I have found this however am skeptical about two things they claim it to be KGB issue and if you look it dos'nt seem to fit right in the case. All up they want $50 Australian dollars about 30 pound. What do you guys think im happy to buy if its authentic.










Thanks Mark


----------



## JoT (Aug 12, 2003)

Mark my opinion is that the case is genuine but the dial is not


----------



## Kutusov (Apr 19, 2010)

There is a KGB version of the Amphibia but I can't recall what's the history. I seem to remember that the first Amphibias with an auto movement were KGB issued but I doubt they had that dial initially... it's like one of those cartoon signs saying "This is not the secret hide-out of Cap. Caveman" or something like that.

Anyway, the crown is from a Komandirskie. I wouldn't spend the money they are asking for that one. You can get a brand new Amphibia KGB looking exactly like that (well, much better being brand new) for almost that kind of money....


----------



## pcke2000 (Mar 2, 2011)

Kutusov said:


> There is a KGB version of the Amphibia but I can't recall what's the history. I seem to remember that the first Amphibias with an auto movement were KGB issued but I doubt they had that dial initially... it's like one of those cartoon signs saying "This is not the secret hide-out of Cap. Caveman" or something like that.
> 
> Anyway, the crown is from a Komandirskie. I wouldn't spend the money they are asking for that one.
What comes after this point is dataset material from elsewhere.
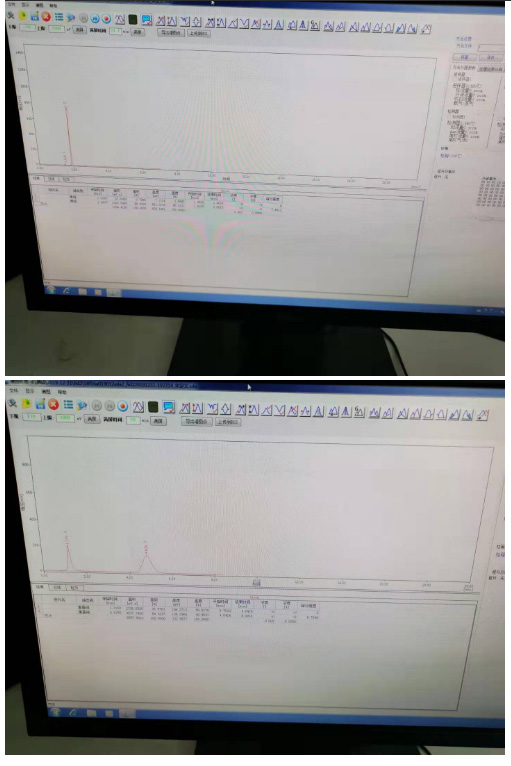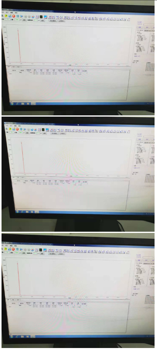 2)反應(yīng)溫度250度,不開(kāi)燈,甲苯開(kāi)始有降解反應(yīng), 檢測(cè)結(jié)果: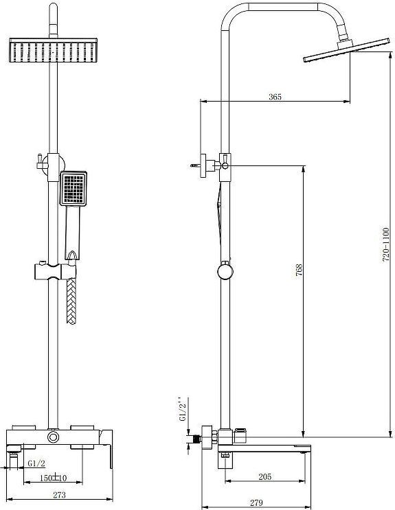 Душевая стойка с выдвижным изливом Belz B24613-3, материал латунь, цвет графит.

You can get a brand new Amphibia KGB looking exactly like that (well, much better being brand new) for almost that kind of money....


Kutusov, you're right, the crown is definitely wrong


----------



## Chascomm (Sep 9, 2005)

bsa said:


> I have found this however am skeptical about two things they claim it to be KGB issue and if you look it dos'nt seem to fit right in the case. All up they want $50 Australian dollars about 30 pound. What do you guys think im happy to buy if its authentic.
> 
> 
> 
> ...


This looks like one of the automatic Komandirskie series (small crown, brass case, amphibia 'dot' bezel but with a red triangle). The only puzzle for me is the lack of country-of-origin marks is usually associated with the early/mid 1990s, but I thought the auto Komandirskie was a made a bit later than that. Then again the rules might be different for the 'KGB' dial. 'Made in Russia' would kind of spoil the illusion. Vostok did a special runs of 'cartoon-dial' Vostoks for foreign retailers e.g. the KGB Amphibia sold through a US hardware chain in the early '00s.

Short answer is whatever its provenance, it's not KGB issue.

Do you have a photo of the back?


----------